§ Available records
=== Begin Enclosure ===
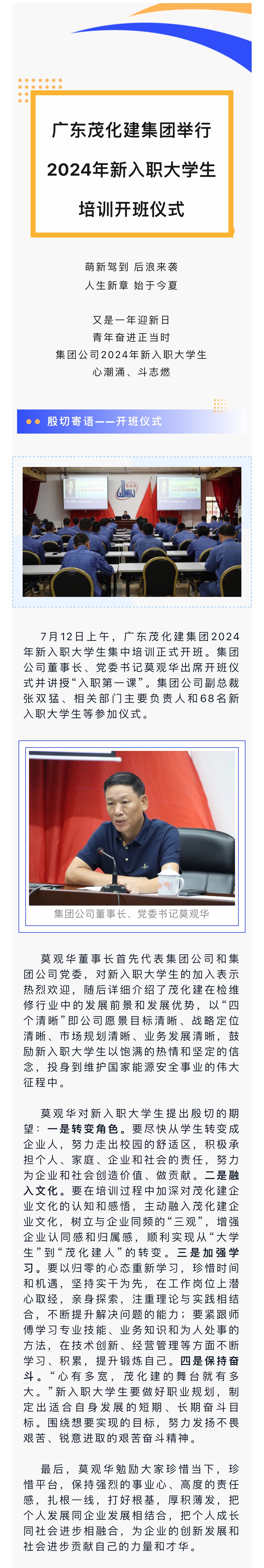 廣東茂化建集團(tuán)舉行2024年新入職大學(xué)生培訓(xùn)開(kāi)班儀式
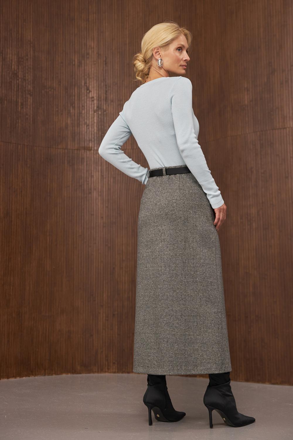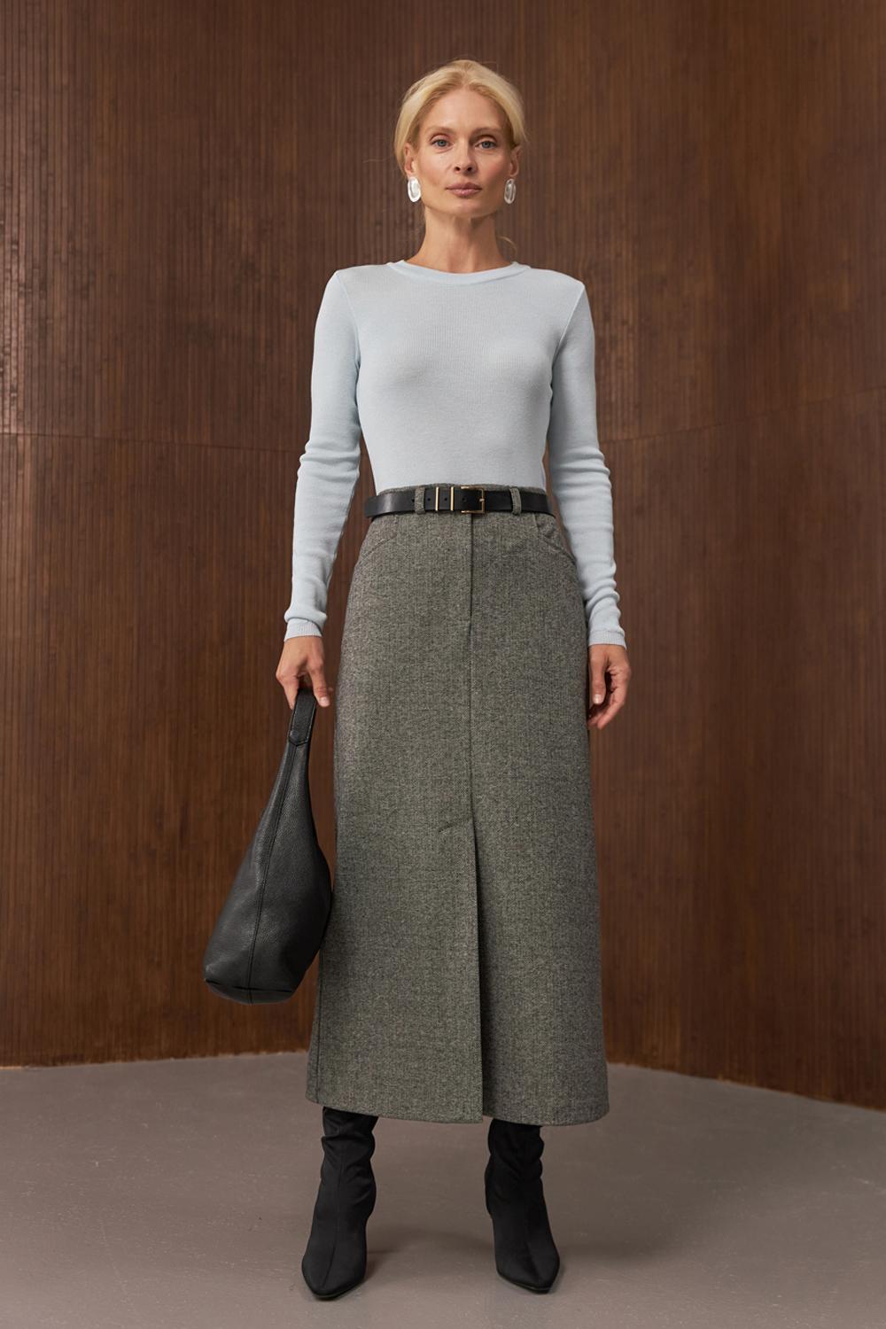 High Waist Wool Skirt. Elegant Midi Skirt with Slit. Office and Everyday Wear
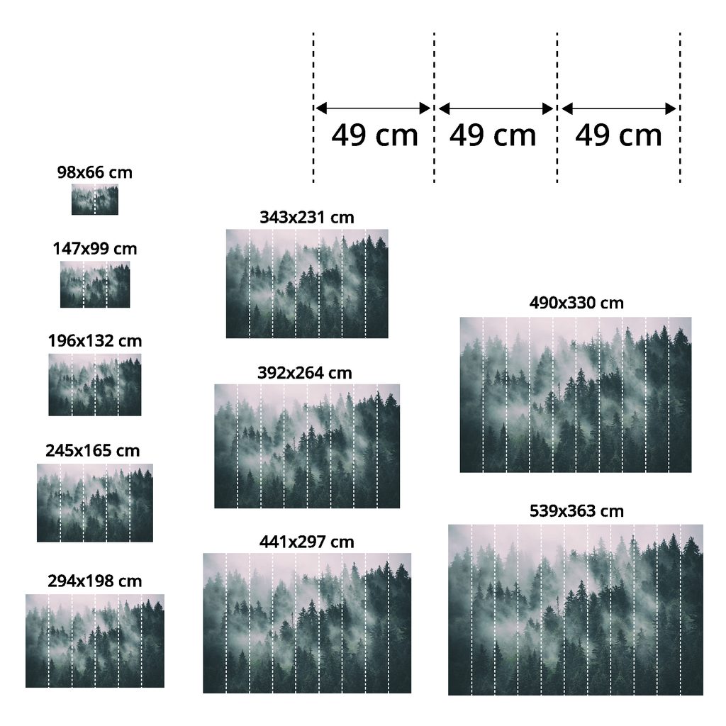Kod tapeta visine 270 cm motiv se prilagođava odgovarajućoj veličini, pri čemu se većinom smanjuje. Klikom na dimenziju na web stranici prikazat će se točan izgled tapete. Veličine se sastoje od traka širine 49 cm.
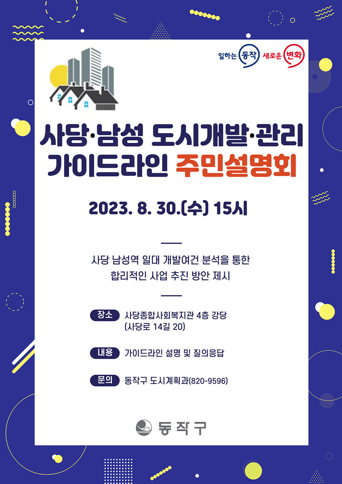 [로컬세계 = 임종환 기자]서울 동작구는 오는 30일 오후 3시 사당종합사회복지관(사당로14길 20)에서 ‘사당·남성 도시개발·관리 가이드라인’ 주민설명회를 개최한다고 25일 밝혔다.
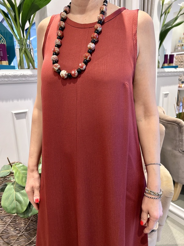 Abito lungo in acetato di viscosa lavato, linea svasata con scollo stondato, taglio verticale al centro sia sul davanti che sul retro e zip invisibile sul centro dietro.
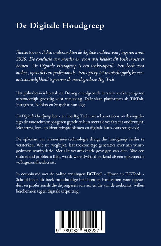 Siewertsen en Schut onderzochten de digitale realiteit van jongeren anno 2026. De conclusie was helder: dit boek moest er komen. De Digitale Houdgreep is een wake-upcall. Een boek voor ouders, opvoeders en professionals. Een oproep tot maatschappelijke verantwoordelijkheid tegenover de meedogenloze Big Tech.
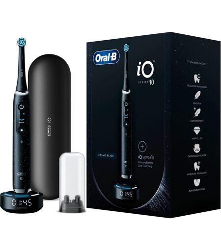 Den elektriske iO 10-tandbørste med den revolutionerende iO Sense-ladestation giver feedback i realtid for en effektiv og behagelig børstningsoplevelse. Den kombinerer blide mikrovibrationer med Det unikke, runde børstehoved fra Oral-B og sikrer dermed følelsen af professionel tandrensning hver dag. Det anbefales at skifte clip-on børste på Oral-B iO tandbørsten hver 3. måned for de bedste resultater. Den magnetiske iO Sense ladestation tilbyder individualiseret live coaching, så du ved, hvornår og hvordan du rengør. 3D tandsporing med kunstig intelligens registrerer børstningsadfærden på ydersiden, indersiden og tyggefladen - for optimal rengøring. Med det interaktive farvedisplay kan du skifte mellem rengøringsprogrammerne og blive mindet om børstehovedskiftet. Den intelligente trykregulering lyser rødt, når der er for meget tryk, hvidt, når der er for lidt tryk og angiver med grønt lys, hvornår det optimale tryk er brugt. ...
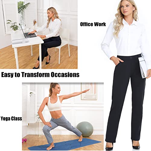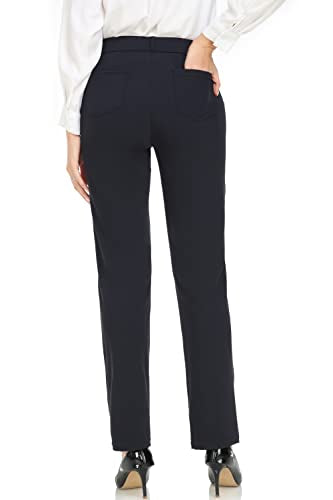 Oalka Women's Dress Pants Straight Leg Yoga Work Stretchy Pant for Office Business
=== End Enclosure ===
=== Begin Enclosure ===
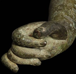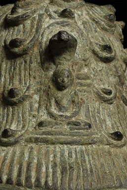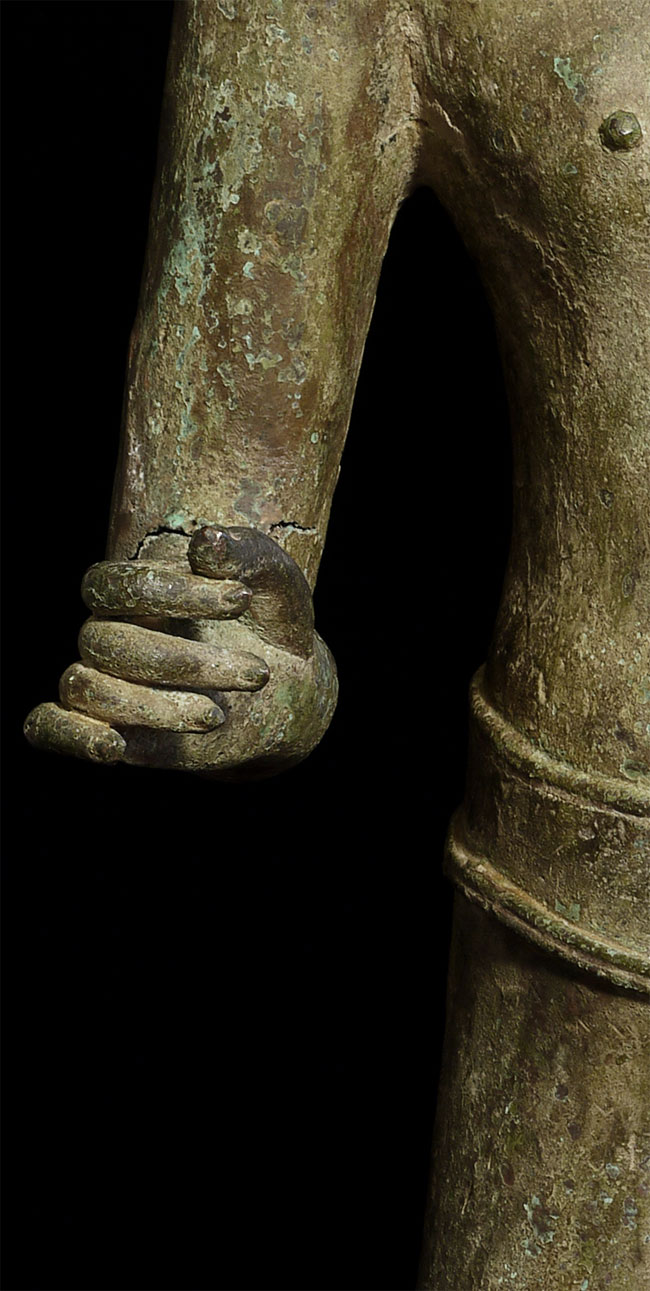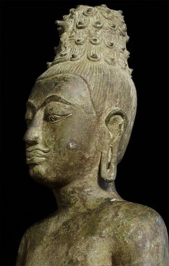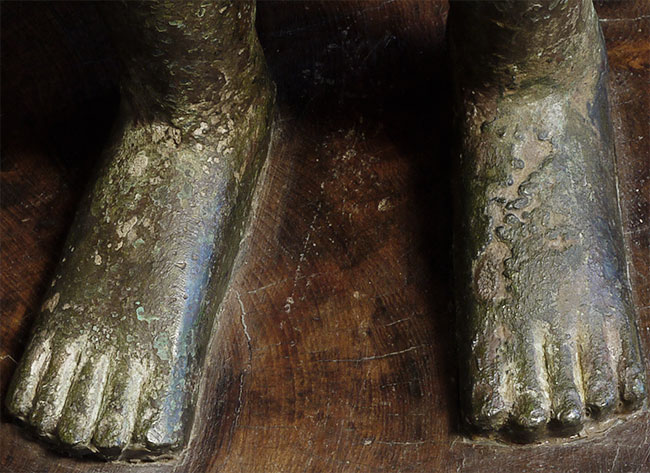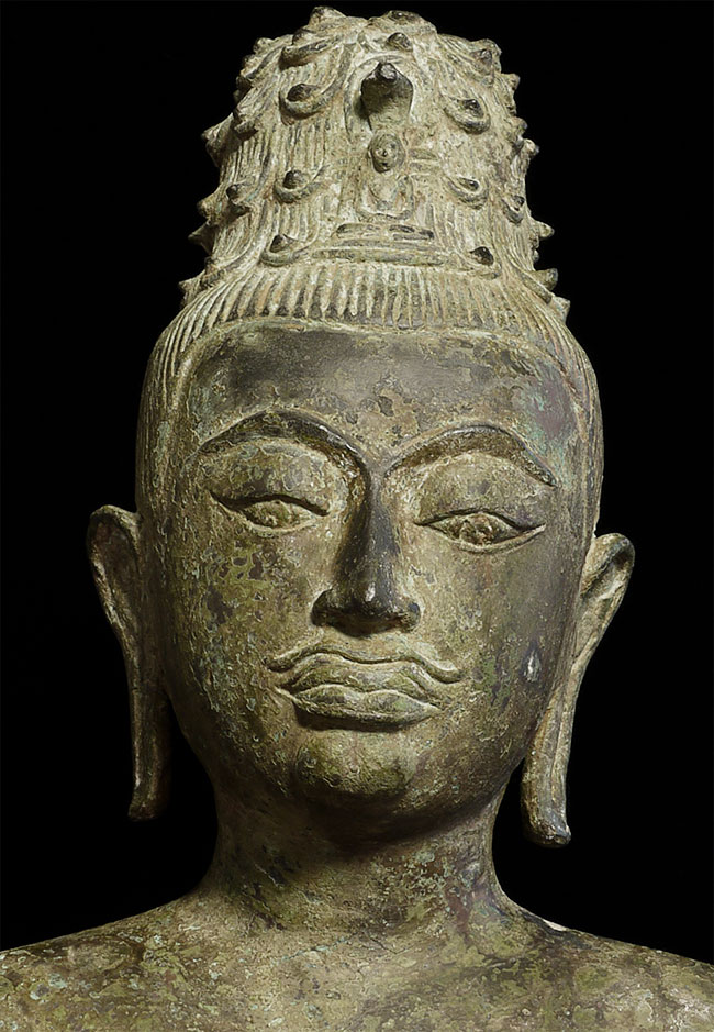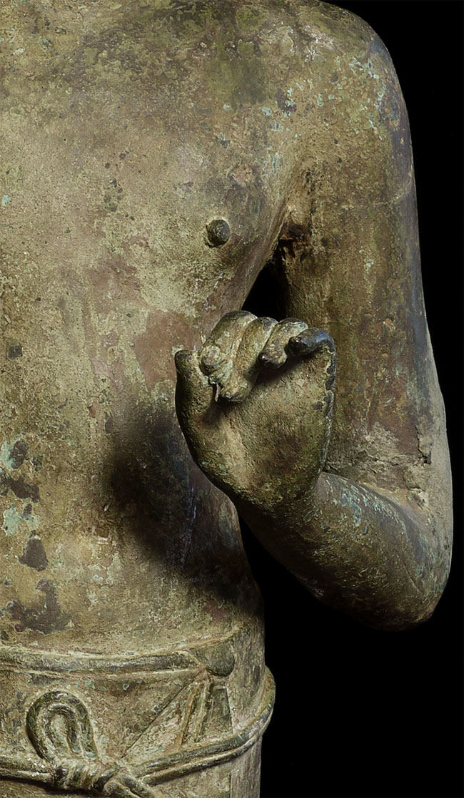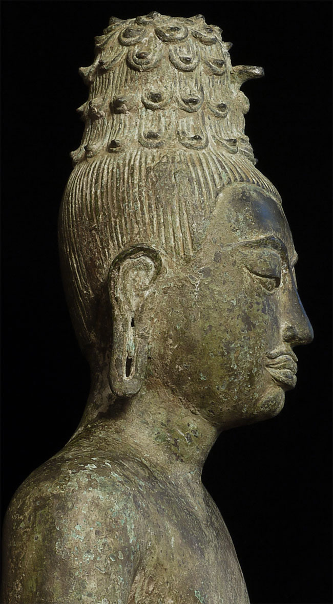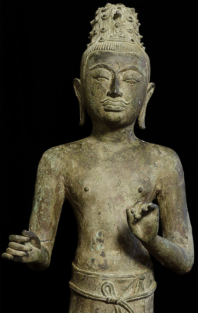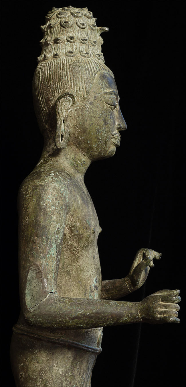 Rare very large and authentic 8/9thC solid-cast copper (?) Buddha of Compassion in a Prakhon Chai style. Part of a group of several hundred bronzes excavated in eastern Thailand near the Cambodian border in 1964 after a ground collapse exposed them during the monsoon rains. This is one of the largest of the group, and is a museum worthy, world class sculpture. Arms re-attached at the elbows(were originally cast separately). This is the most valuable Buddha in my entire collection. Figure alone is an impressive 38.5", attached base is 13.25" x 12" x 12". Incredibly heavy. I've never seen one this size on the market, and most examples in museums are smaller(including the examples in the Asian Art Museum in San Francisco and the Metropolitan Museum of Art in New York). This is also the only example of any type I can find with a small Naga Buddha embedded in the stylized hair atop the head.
=== End Enclosure ===
=== Begin Enclosure ===
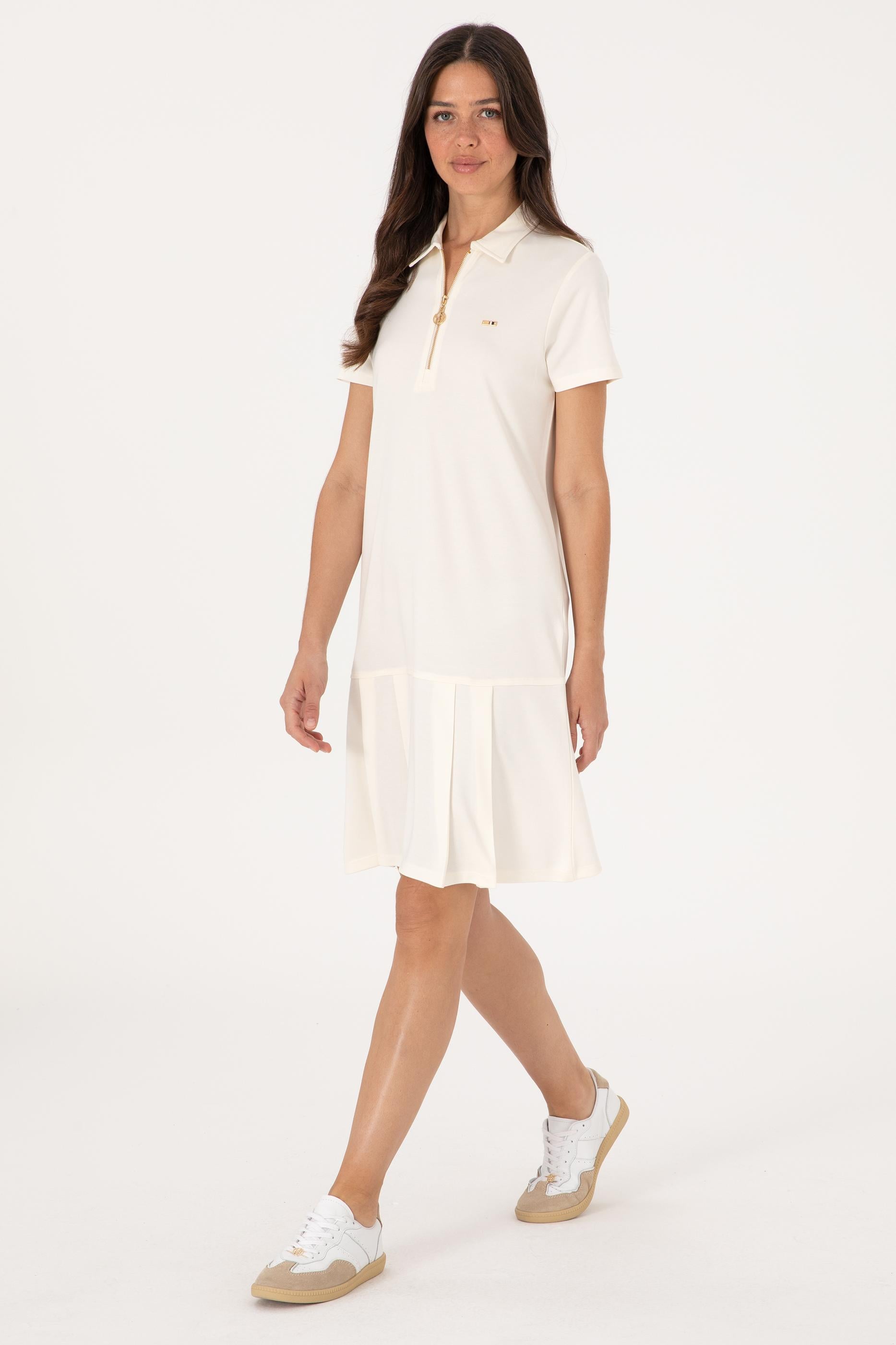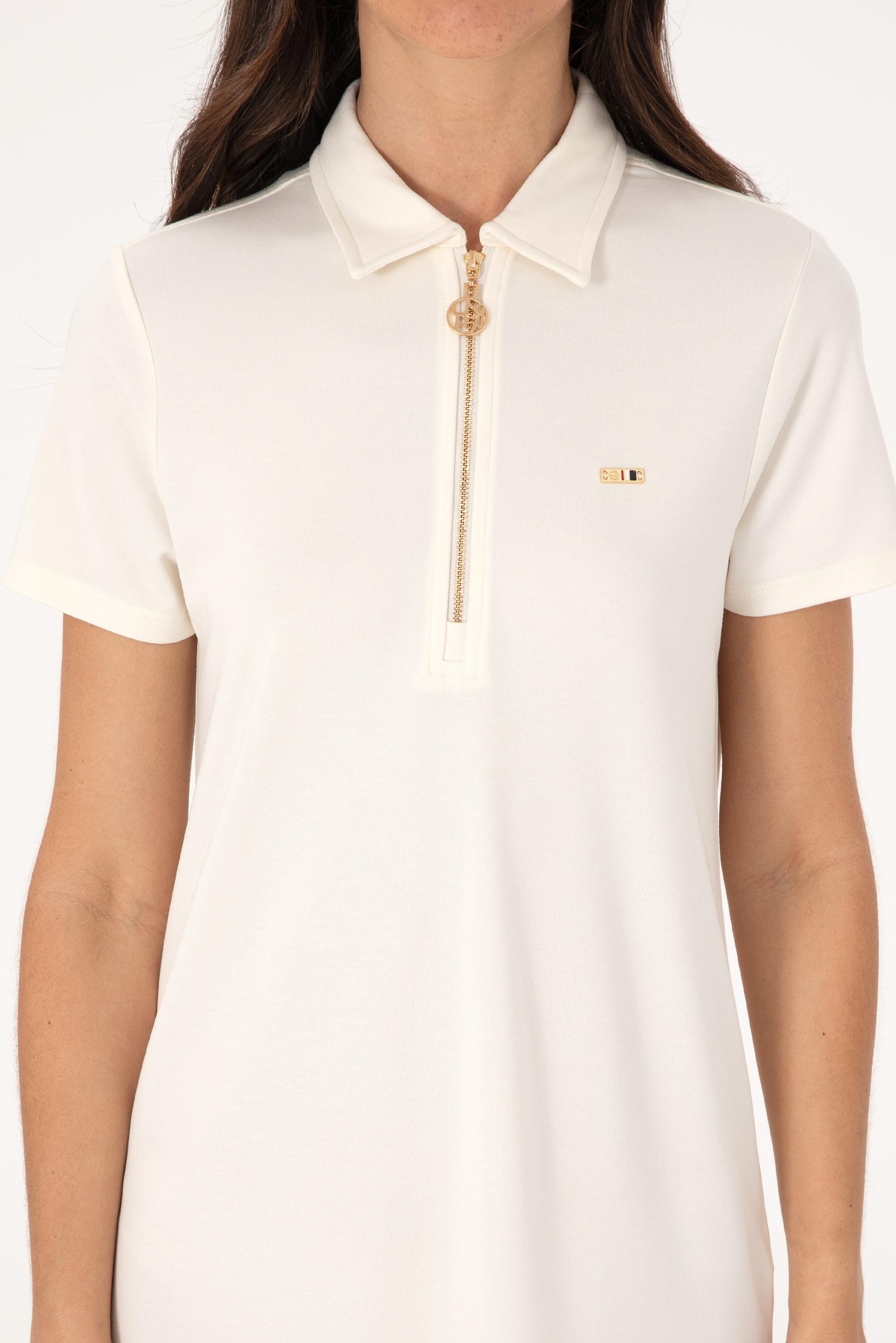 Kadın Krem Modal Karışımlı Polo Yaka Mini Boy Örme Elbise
=== End Enclosure ===
§ Task description
In the material above, which lines fall between the one holding "Kod tapeta visine" and the one holding "Abito lungo in", inclusive? Print exactly those, with the pictures left out.

§ Answer space
Kod tapeta visine 270 cm motiv se prilagođava odgovarajućoj veličini, pri čemu se većinom smanjuje. Klikom na dimenziju na web stranici prikazat će se točan izgled tapete. Veličine se sastoje od traka širine 49 cm.
 [로컬세계 = 임종환 기자]서울 동작구는 오는 30일 오후 3시 사당종합사회복지관(사당로14길 20)에서 ‘사당·남성 도시개발·관리 가이드라인’ 주민설명회를 개최한다고 25일 밝혔다.
 Abito lungo in acetato di viscosa lavato, linea svasata con scollo stondato, taglio verticale al centro sia sul davanti che sul retro e zip invisibile sul centro dietro.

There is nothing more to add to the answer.